The performances were on 14thh and 15th. I sang “Tujhko Dariyadili Ki” by Jagjit Singh ji and “Duniya Kisi Ke Pyaar Mein” by Mehdi Hasan ji. My only fear was staying in taal with the tabla. That fear has always been there. Every time I’ve practiced before on my tabla app, there has been at least one moment where I slipped out of beat.
But not that day.
For the first time in my life, I sat with the manual tabla and sang — and it flowed. Effortlessly. Naturally. As if something was holding it together beyond me. I was honestly astonished. That day, I truly understood what people mean when they speak of God’s grace and the blessings of their gurus. I used to wonder why traditional musicians speak like that. Now I know — because sometimes, it genuinely feels like something greater steps in when your own belief wavers.
When I wasn’t fully believing in myself, my teachers’ faith carried me. It felt like the art wasn’t just mine anymore — it was being protected. Maybe I’m exaggerating a little. But when something you’ve always struggled with suddenly aligns perfectly on the most important day, it feels sacred. Everyone was proud. I was happy. And more than that — I was grateful.

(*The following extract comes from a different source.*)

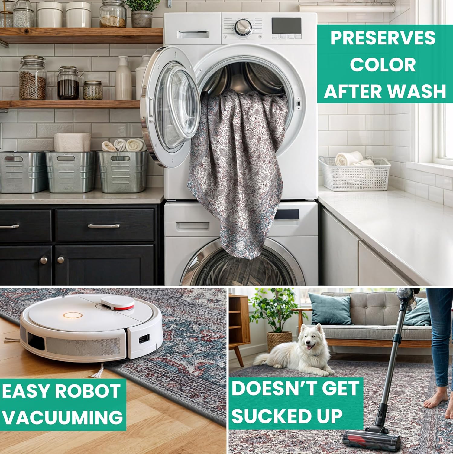 • MACHINE WASHABLE: Machine wash on delicate cycle (do not use bleach) at 85°F (30°C) and line dry or dry on air-only cycle without heat. Vacuum regularly and spot clean small stains. This easy to clean rug is perfect for families with kids and pets, and for high traffic areas.
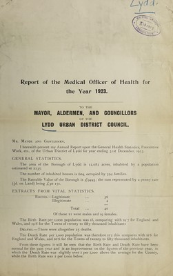 [Report 1923] / Medical Officer of Health, Lydd U.D.C. / Borough.

The next day was the Shivratri sound healing gathering. I chanted mantras and sang bhajans. That too flowed smoothly. I’ll be sharing some videos from it soon.
After that intense spiritual and musical high, I shifted into full focus mode for my label release on 20th February. It was hectic — constant calls, research, coordination, figuring out distribution, building systems. But now, we have a website, a working distribution model, and production in place.
We are officially an independent music label.
And I’ve already submitted songs for release.
The most beautiful part? I’m learning every single day. In music. In faith. In business.
The process itself is becoming the reward.